1.1 Tafamidis is not recommended, within its marketing authorisation, for treating wild-type or hereditary transthyretin amyloidosis with cardiomyopathy (ATTR-CM) in adults.

1.2 This recommendation is not intended to affect treatment with tafamidis that was started in the NHS before this guidance was published. People having treatment outside this recommendation may continue without change to the funding arrangements in place for them before this guidance was published, until they and their NHS clinician consider it appropriate to stop.

Why the committee made these recommendations

ATTR-CM can lead to heart failure, but treatment options are limited to managing symptoms and best supportive care. Accurately diagnosing ATTR-CM is challenging and can take a long time.

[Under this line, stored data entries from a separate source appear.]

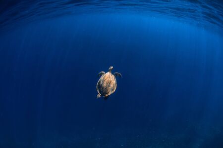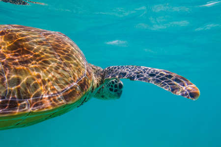Little sea turtle diving in clear shallow water. Turtle in natural environment. Tropical seashore wildlife.
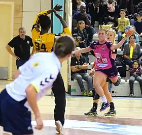 Tir à l'aile lors du match Issy Paris Hand / Nantes LAH du 06 novembre 2015.
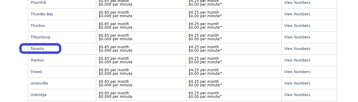 저희는 캐나다 번호를 구매해야 하니까 Local Numbers에서 Canada로 들어갑니다.
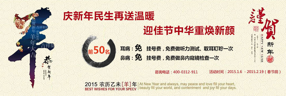 辞旧迎新,欢庆佳节,郑州民生耳鼻喉医院为让广大患者摆脱疾病困扰,欢度新春佳节,特推出“同庆迎春”活动。自2015年1月6日起至2015年2月19日(农历春节),凡通过网络和电话预约,到院的患者均可享受以下优惠:
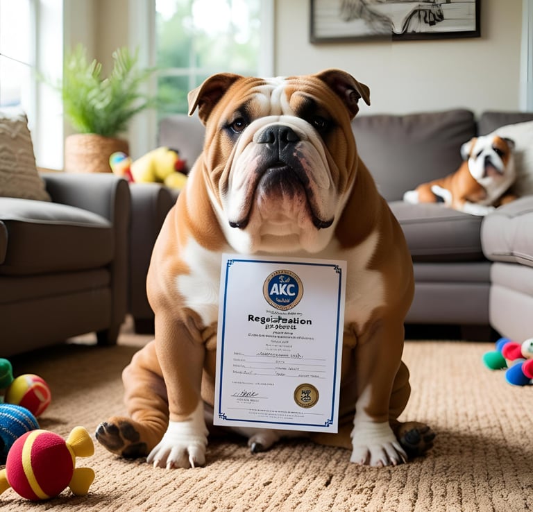 Every bulldog puppy from Yogostar Kennel comes with AKC (American Kennel Club) registration, ensuring they are purebred and recognized by the nation’s premier canine registry. This registration provides:
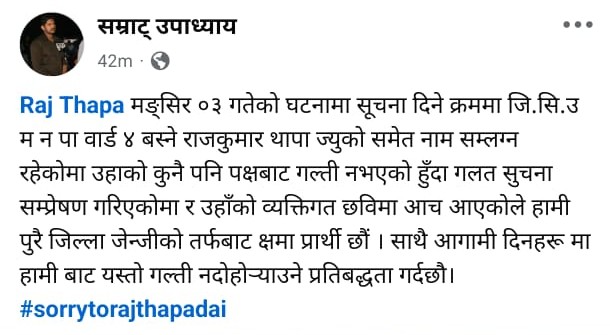 जेन्जीका बारा जिल्ला संयोजक सम्राट उपाध्यले मंसिर ३ गते सिम्रामा भएको घटनामा जोडेर आफूहरूको तर्फबाट असम्बन्धित व्यक्तिको नाममा समेत प्रहरीमा जाहिरी दिएकोमा क्षमा याचना गर्नुभएको छ । समाजिक सञ्जाल फेसबुकमा आज स्टाटस लेखेर उपाध्यले सो घटना स्थानीय एमाले कार्यकर्ता राजकुमार थापाको नाम परेकोमा क्षमा याचना गर्नुभएको हो। घटनामा राजकुमार थापाको कुनै पनि प्रकारको सघनता नभएको स्पष्ट भइसकेको छ। तर गलत सूचना सम्प्रेषणका कारण थापाको व्यक्तिगत छविमा आँच पुगेको महसुस गर्दै जेन्जीबारा परिवारको तर्फबाट पूर्ण रुपमा माफी माग्न चाहन्छौं। उपाध्यायले फेसबुकमा लेख्नुभएको छ साथै उहाँले आगामी दिनमा यस्ता गल्तीहरू नदोहोराउने प्रतिबद्धता पनि जनाउनुभएको छ। नेकपा एमालेका महासचिव शंकर पोखरेल र युवा नेता महेश बस्नेत सिम्रा विमानस्थल हुँदै बाराको परानपुरमा हुन लागेको कार्यक्रममा सहभागी हुन आउने क्रम मा विरोध प्रदर्शनको तयारीमा रहेका जेन्जीहरूलाई युवा सङ्घका कार्यकर्ताहरुले कुटपिट गरेपछि दुवै पक्ष बीच तनाव उत्पन्न भएको थियो । सोही घटनालाई लिएर एमालेका कार्यकर्ता थापासहित १० जनामाथि कारबाहीको माग गर्दै जेन्जीहरूले प्रहरीमा जाहेरी दिएका थिए। यसै बीच घटनामा सलगन्त भएका आरोपमा जितपुर सिम्रा उपमहानगरपालिकामा एमालेबाट निर्वाचित दुई जना वडा अध्यक्ष सहित पक्राउ परेका सबैले आज जिल्ला प्रशासन कार्यालय बाराले ५००० हजार धरौटी लिएर रिया गरेको छ
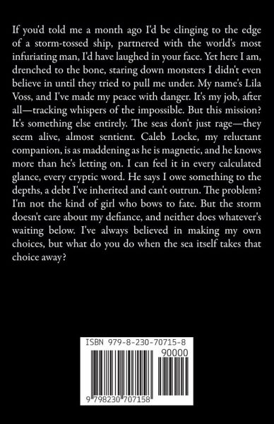 If you'd told me a month ago I'd be clinging to the edge of a storm-tossed ship, partnered with the world's most infuriating man, I'd have laughed in your face. Yet here I am, drenched to the bone, staring down monsters I didn't even believe in until they tried to pull me under. My name's Lila Voss, and I've made my peace with danger. It's my job, after all-tracking whispers of the impossible. But this mission? It's something else entirely. The seas don't just rage-they seem alive, almost sentient. Caleb Locke, my reluctant companion, is as maddening as he is magnetic, and he knows more than he's letting on. I can feel it in every calculated glance, every cryptic word. He says I owe something to the depths, a debt I've inherited and can't outrun. The problem? I'm not the kind of girl who bows to fate. But the storm doesn't care about my defiance, and neither does whatever's waiting below. I've always believed in making my own choices, but what do you do when the sea itself takes that choice away?
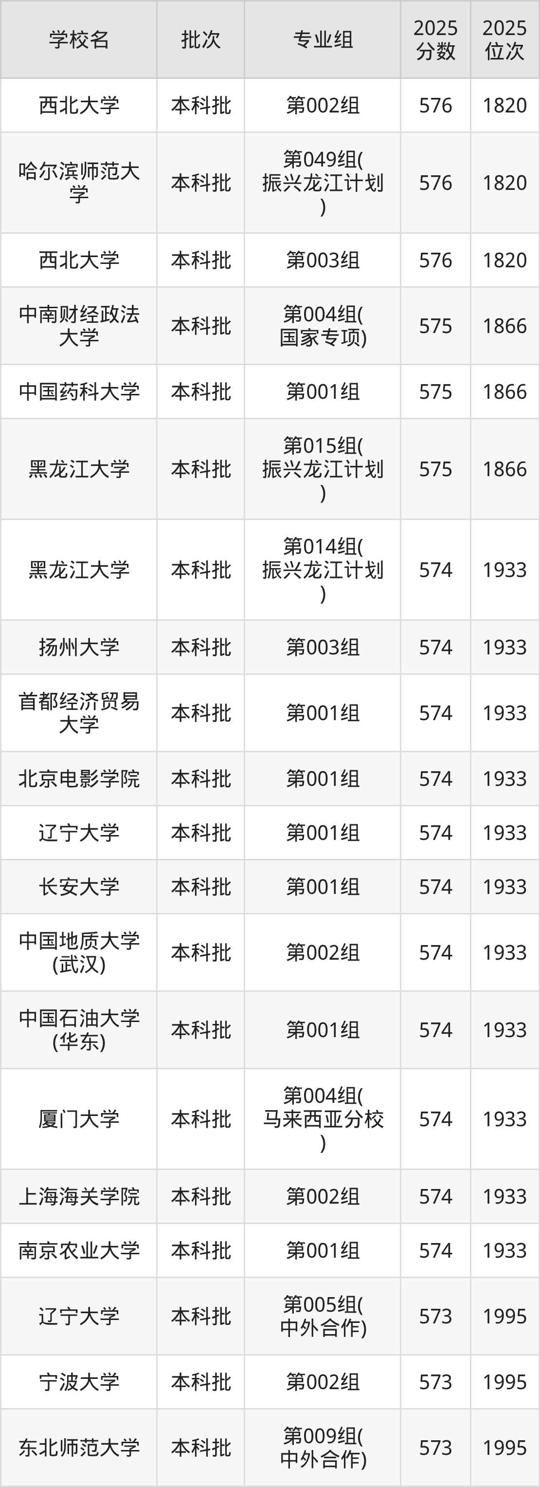 另外录取位次低于该区间(较稳妥)的有北京语言大学第008组(国家专项)(12977名)、天津理工大学第003组(12977名)等;录取位次高于该区间(可冲)的有东北财经大学第008组(12510名)、中南财经政法大学第009组(国家专项)(12510名)等。

Tafamidis is the first treatment for ATTR-CM that aims to treat the disease. Evidence from clinical trials shows that it reduces deaths and hospitalisation from conditions affecting the heart and blood vessels compared with placebo. But inconsistent results on how effective tafamidis is for different types and stages of ATTR-CM mean that the evidence is uncertain. Also, the measure used to assess how severe ATTR‑CM is has limitations, so it is difficult to identify who benefits from treatment and decide who should stop.

Because of this, and uncertainty about the assumptions related to early diagnosis and how long the treatment works after it is stopped, the cost-effectiveness estimates are very uncertain. They are higher than what NICE normally considers an acceptable use of NHS resources so tafamidis is not recommended.